Princess: Oh, what a night
Two years ago today at this very moment, I was in the basement of the Aspen Mountain Club getting ready for my wedding.
It’s funny what you remember about your wedding day. I remember the little things.
Like, I remember getting ready and thinking we were short on time and my makeup wasn’t done and taking like two sips of that gazillion-dollar champagne, and then, just like that, everyone was gone.
The only person left was Rita, my hairstylist and dear friend. I was like Jennifer Aniston and her hair guy, Chris McMillan. Rita snapped photos with her point-and-shoot camera all proud while I smiled, wondering where my mother was and why we hadn’t had that mother-daughter moment the wedding planners had told me was always so emotional. At least Rita got a photo of me doing pranayama breathing.
I remember walking down the aisle, and everyone stood up. I totally forgot about that part, and it caught me off guard. So I lifted my flower bouquet like it was a trophy, like I had just won an Academy Award or won a race or conquered something. I guess in many ways, I had.
I remember standing on the wedding deck on top of Aspen Mountain thinking about the stories I’d heard about brides who had fainted and puked up there because of the altitude.

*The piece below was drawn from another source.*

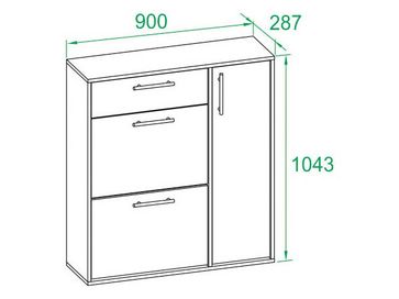 Размеры модулей: <br> настенная вешалка (ВхШхГ): 1460 х 600 х 212 мм;<br> малая обувница (ВхШхГ): 555 х 600 х 283 мм;<br> большая обувница (ВхШхГ): 1043 х 900 х 287 мм;<br> настенное зеркало со шкафом (ВхШхГ): 1044 х 900 х 287 мм.<br>

I remember our first dance, when one of my friends who managed to get totally wasted within the five minutes of the reception decided to form a circle around us with a gaggle of other girls. My mom didn’t like it. I saw her in slow motion come bounding onto that dance floor with her arm out in front of her like she was doing the Heisman, her face contorted with determination and fury. I stood frozen as she seemed to launch into the air in an attempt to full-body tackle my drunken friend as she screamed, “Father daughter!” at the top of her lungs but in a voice that was like 10 octaves deeper than normal so she sounded like something out of a horror movie.
I know what she meant to say was, “First dance!” but what came out was “Father daughter!” So my dad, who is sort of an absentminded professor, the guy whose glasses are always on a little bit crooked, came bumbling up with this goofy grin on his face and said, “Father daughter?” and cut in on our first dance.
Meanwhile the band, a three-piece jazz ensemble led by my friend Ross, was playing “Five Foot Two, Eyes of Blue,” a 1930s polka number we’d found in a songbook Ryan’s grandfather had kept for his accordion. My dad had this silly grin pasted on his face that remained there throughout the entire weekend like he was half catatonic, so shocked that he had finally, thank effing God, found someone willing to marry his high-maintenance, neurotic, overly emotional and very expensive 41-year-old daughter. So his face was sort of stuck like that.
“It’s not every day you give away your 41-year-old daughter,” he’d said during his toast.
I remember the toasts — the toasts were the best part. Sarah made Ryan cry. I have photos to prove it because Dan Bayer took like 100 of them in 30 seconds. If you scroll through them really fast, it looks like a video. She nailed it out of the park with that toast.
The food was good, and I loved the dahlias we’d bought the morning before at the farmers market, those giant ketchup-and-mustard variety, the red-and-yellow ones that are like the size of your head. We had them on the tables in bell jars. I was really proud of that because it was important to me not to be wasteful. I couldn’t imagine spending thousands of dollars for flowers that would be enjoyed for a few hours. People went nuts over those dahlias.
I’d also hand-written personal cards for every guest that I’d put in little jewelry boxes as place settings. People loved them. I was really proud of that, too, because I hate it when you go to weddings and you see the little gifts being left behind on all the tables. I really wanted to do something that meant something.
I remember the photo shoot we did with Kate Holstien and Dan at the top of the mountain after everyone had gone down. Dan was taking photos for the New York Times article that Lois Smith Brady would write about us for the “Vows” column. My mother nearly fell over when she found out.
“I’m not marrying a Rockefeller,” I told Lois. “I’m marrying the maintenance guy.”
But still. My East Coast family was thrilled. Ryan’s parents, being from Minnesota, were like, “Oooo yaaa?” They don’t really care about that kind of stuff, which is precisely what makes them so awesome.
I remember when my drunken friend who interrupted my first dance gave one of those really embarrassing drunken toasts, spilled an entire pint of beer on me and then puked in the kitchen at the Sky during our after-party.
I remember when my cousin told my friend Holli that Bob Braudis was Neil Young and she believed him, going so far as to ask our former sheriff for his autograph. I always did think he was a rock star.
I remember when someone figured out that our thousand-dollar wedding cake, which had been mistaken for a display cake and never served, was real. He started passing it around, and everyone took huge bites out of it. I have a great photo of my mother-in-law with her whole face in that cake — so busted.
I remember thinking, “I can’t believe I just married the most amazing man in the whole world.”
Two years later, I find myself sitting here thinking the same thing.